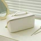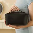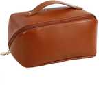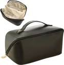Grilazza Portable Large-Capacity PU Leather Cosmetic Storage Makeup Pouch Organizer Travel Toiletry Kit (Black)
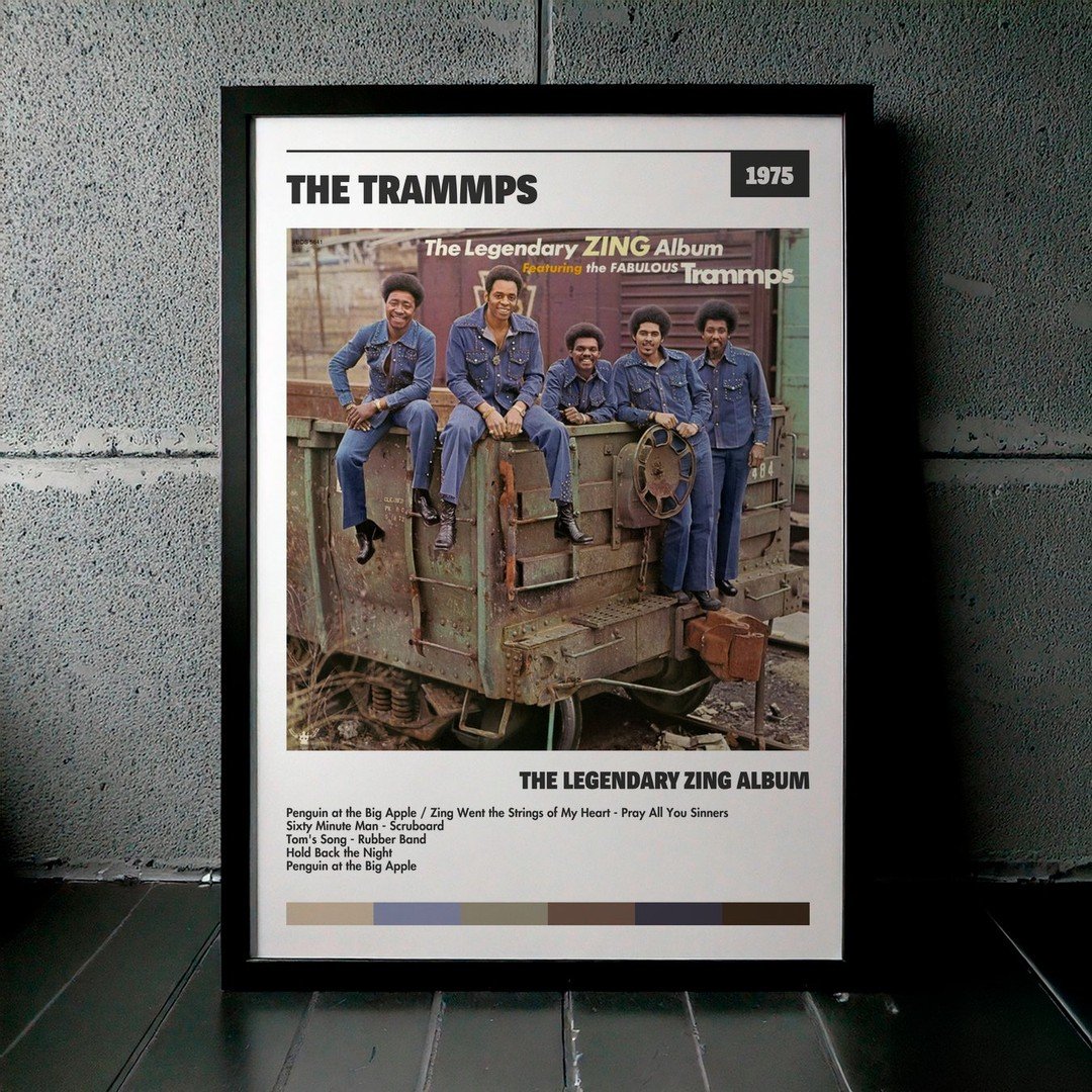 Nuestra colección de cuadros de The Trammps captura la esencia de sus álbumes más icónicos, presentados en un elegante estilo, en este caso te presentamos el de su disco The Legendary Zing Album.
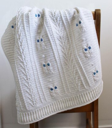 This pattern is a written pattern with some photos to help you. You will need to know how to do fpdc, as well as sc in the back loop only. The completed blanket measures 25" x 24". You will need a 4.5mm hook and about 12 ozs of light weight yarn. I used Loops and Threads Snuggly Wuggly. Please note that Ravelry has this particular yarn listed as a sport weight/dk weight yarn. The ball I used has it listed as a light weight (#3).
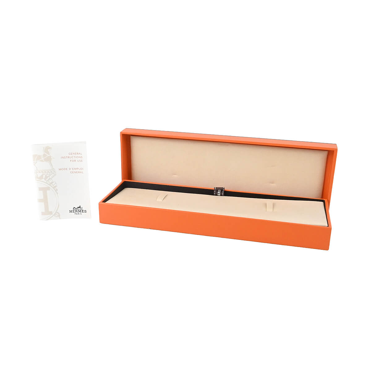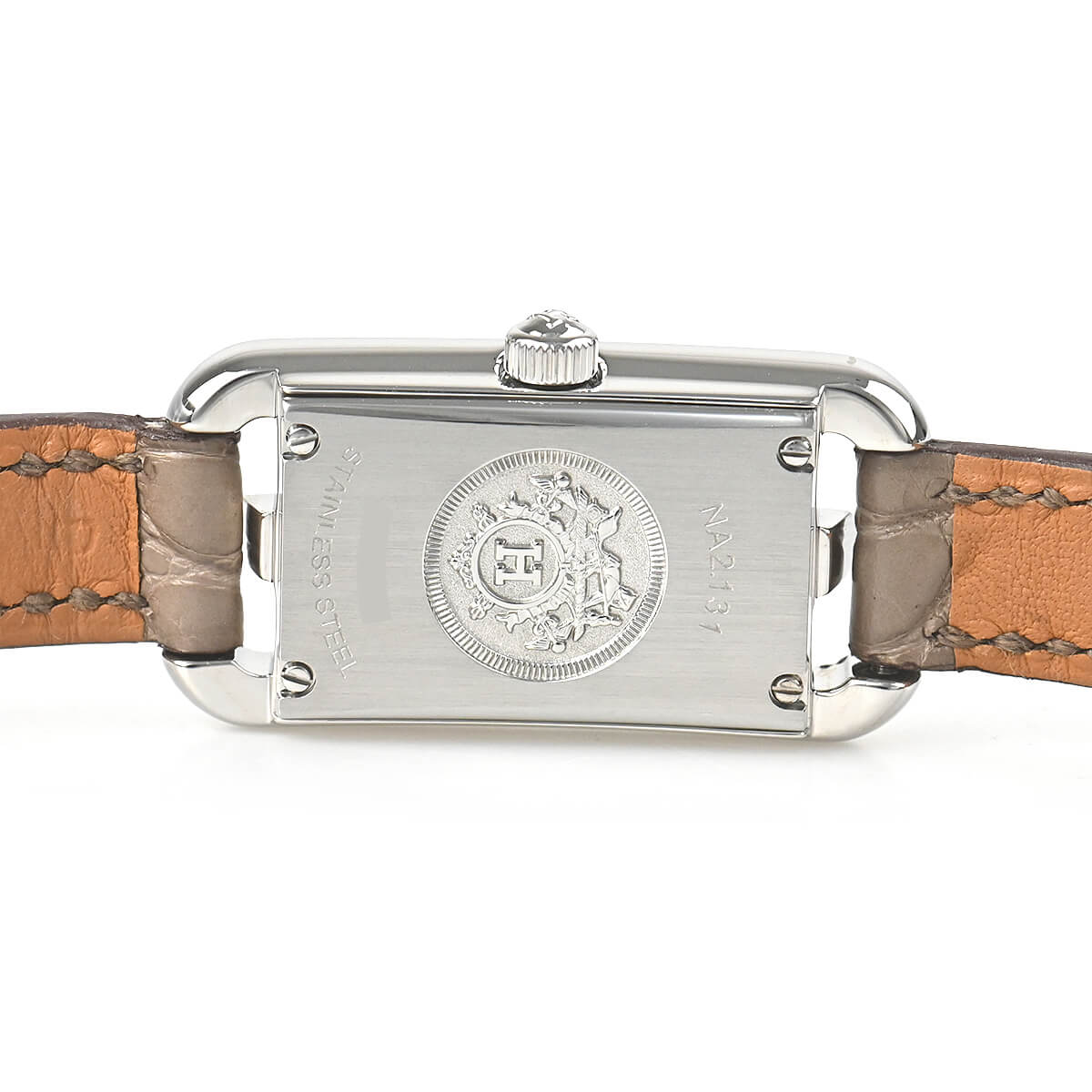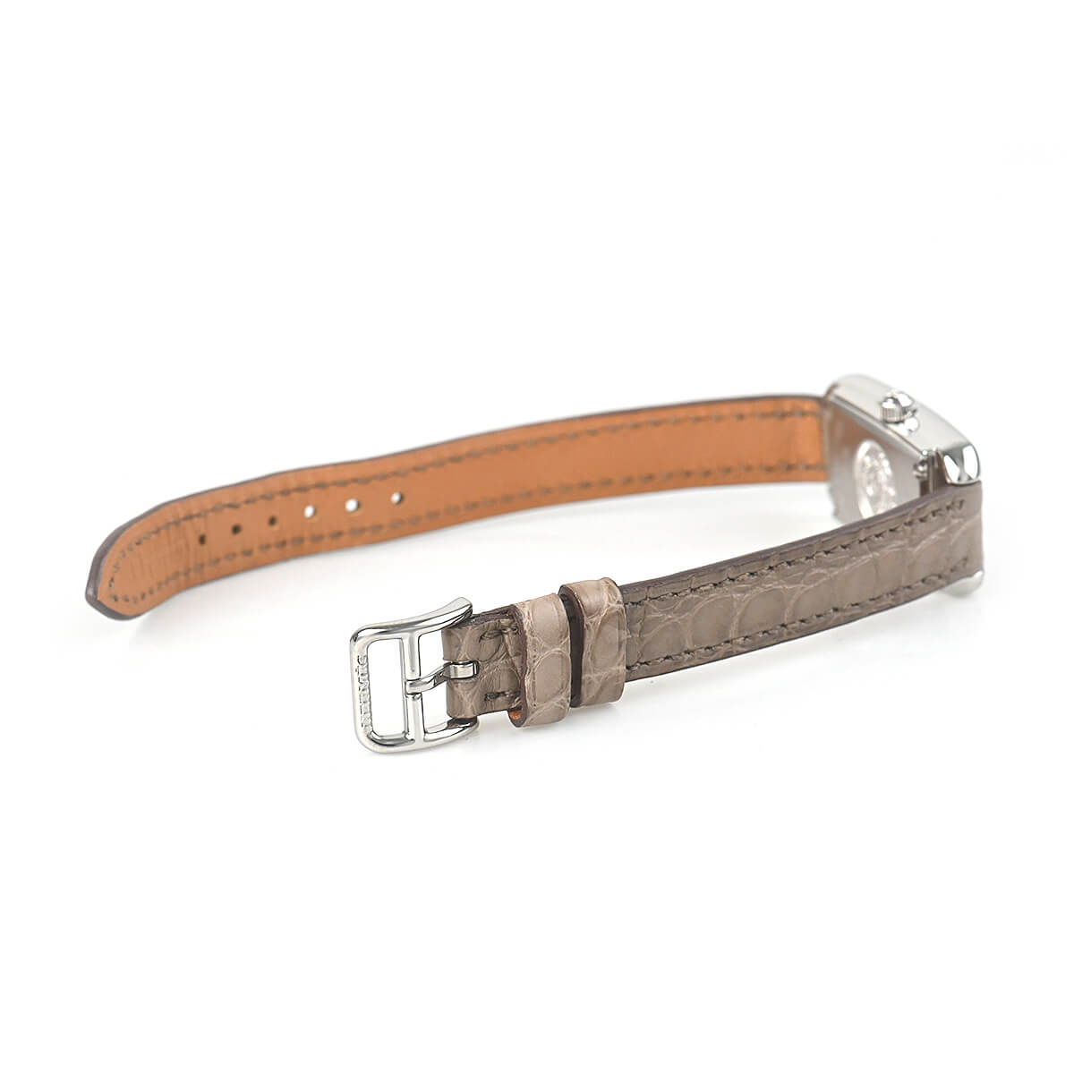 エルメスのアイコニックジュエリー「シェーヌ・ダンクル」をモチーフにレクタングルケースに進化させた「ナンタケット」。こちらは、ケースから文字盤にかけて雪や花が舞い落ちる様を表現した「ジュテ・ドゥ・ディアマン」。
^^^^^^^^^^^^^^^^
Transcribe all of the data above verbatim but omit every picture.

### Solution for this exercise
Grilazza Portable Large-Capacity PU Leather Cosmetic Storage Makeup Pouch Organizer Travel Toiletry Kit (Black)
 Nuestra colección de cuadros de The Trammps captura la esencia de sus álbumes más icónicos, presentados en un elegante estilo, en este caso te presentamos el de su disco The Legendary Zing Album.
 This pattern is a written pattern with some photos to help you. You will need to know how to do fpdc, as well as sc in the back loop only. The completed blanket measures 25" x 24". You will need a 4.5mm hook and about 12 ozs of light weight yarn. I used Loops and Threads Snuggly Wuggly. Please note that Ravelry has this particular yarn listed as a sport weight/dk weight yarn. The ball I used has it listed as a light weight (#3).
 エルメスのアイコニックジュエリー「シェーヌ・ダンクル」をモチーフにレクタングルケースに進化させた「ナンタケット」。こちらは、ケースから文字盤にかけて雪や花が舞い落ちる様を表現した「ジュテ・ドゥ・ディアマン」。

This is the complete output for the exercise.